The peak your seeing in the blue line around 0.1MHz also has little to do with the ferrite core's maximum frequency. It is most likely the coils self resonance. You have to understand a coil has parasitic capacitance sitting between each loop of the coil. This essentially causes it to have a relatively large inductance but also a smaller parasitic capacitance. This will cause any coil to self-resonate at a given frequency as you see here. Even if you had an air-core with no upper frequency limit you'd see a similar self-resonance (though at a different frequency). You could test this theory by spreading your coil out. Take the coil you wound there and keep the same number of windings but instead of having it all bunched up to one side of the core try to evenly space it across the core. This will significantly lower the parasitic capacitance and the peak you see should be much less noticable if not go away completely.

So long story short, I'm sorry to say, none of what you have here is really going to help you.

How can I interpret this result (making sense of it with regards to it's actual performance with regards to suppressing noise at 150kHz?

Well you cant, the results are bogus. but lets try to address how you can determine if its good at suppressing noise at 150kHz.. but the answer is, it depends. As a general rule if you start pushing a core past its frequency limit they become lossy. That is your inductor's impedance will shift to have a real resistance and the reactance may also be affected. this may or may not be a problem depending on the details.
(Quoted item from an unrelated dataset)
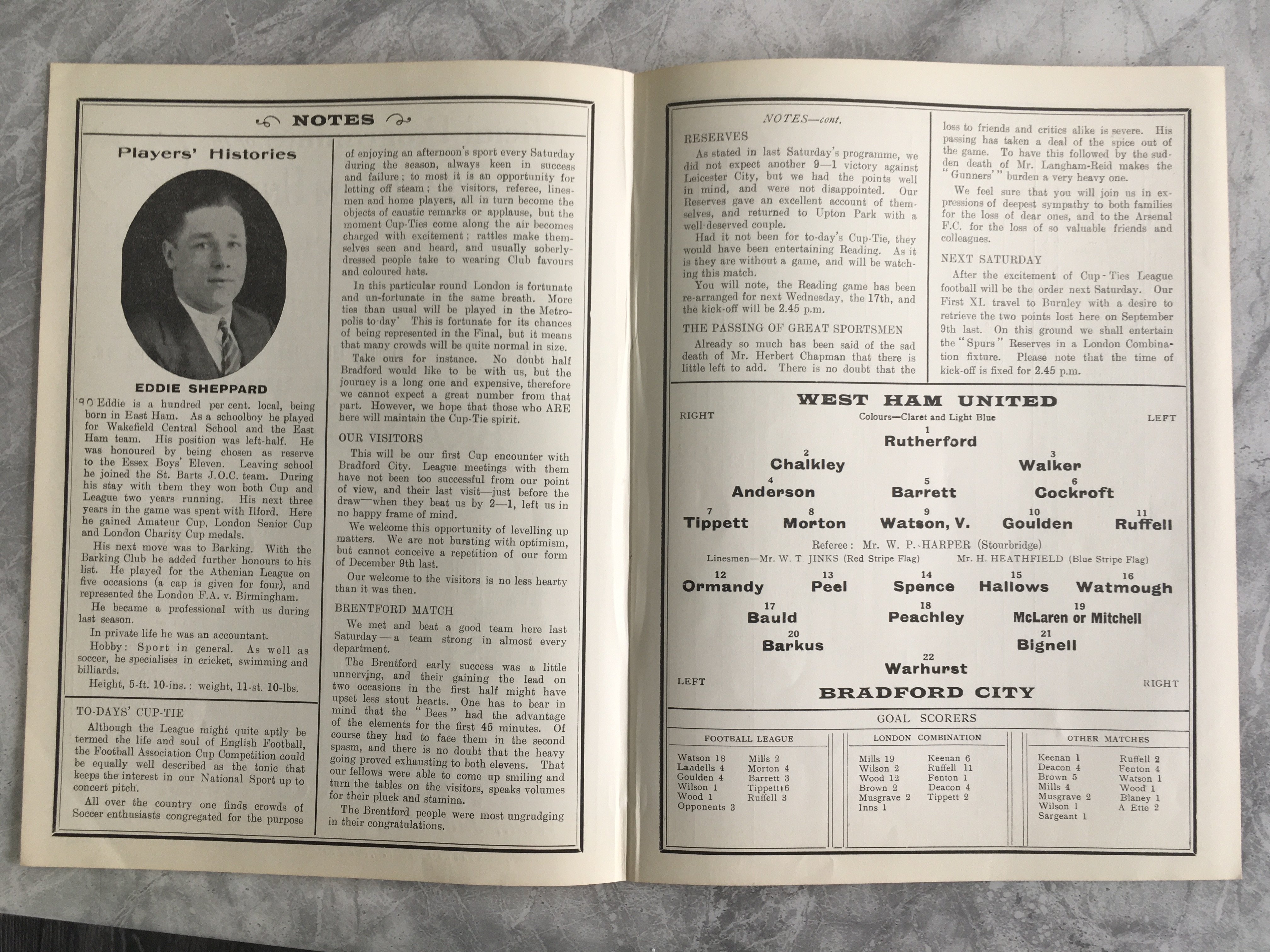 1933 - 1934 West Ham v Bradford City Football Programme: Excellent condition ex bound white FA Cup programme with no team changes.

If all you want to do is reject any signals below 150kHz or any signals above 150kHz and let the others pass, then I would not use an inductor at all. for that you can use a single capacitor in a low-pass or high-pass configuration, capacitors can be a bit less problematic than inductors so its usually what I'd recommend.

For a high-pass filter that only rejects signals below 150kHz then put a 10nF capacitor in series with the signal and a 100 ohm resistor after the capacitor attached to ground. For a low-pass filter that only rejects signals above 150kHz use the same components but swap the resistor and the capacitors position.

The only way you'd have to use a inductor here is if you want a band-pass filter. that means if you want to reject frequencies above and below 150kHz and only let frequencies at or near 150kHz pass. For that you would put a 10nF capacitor in series with the signal, and then a 112uH inductor in series with that.

The nice thing is that the inductor's value is low enough that you have no need to use a ferrite core at all, which is really only needed when you need a large value inductor. For a 112uH inductor you can wind an air-core inductor which has effectively no frequency limitations and is much easier to work with than one with a core. for that take some really thin wire and rap it around a 0.5" diameter tube with 200 turns, and make sure the overall length is evenly spaced about 2 inches. Or you can use this online calculator to try to get dimensions that suit you. You can use some clue to ensure the inductor keeps its shape.

If you really do want to try to calculate the upper frequency limit on a ferrite core inductor, though, you'd have to measure the voltage across it and the current through it. You could then look at the phase difference between this two values as well as the amplitude and use that to calculate the complex impedance at a given frequency. Ideally it should have very low real component and most of its impedance would be the imaginary component. This would show as a 90 degree, or very close to 90 degree phase shift between the two graphs when it is operating at an optimal frequency and the phase shift would decrease as the inductor is pushed passed its maximum frequency.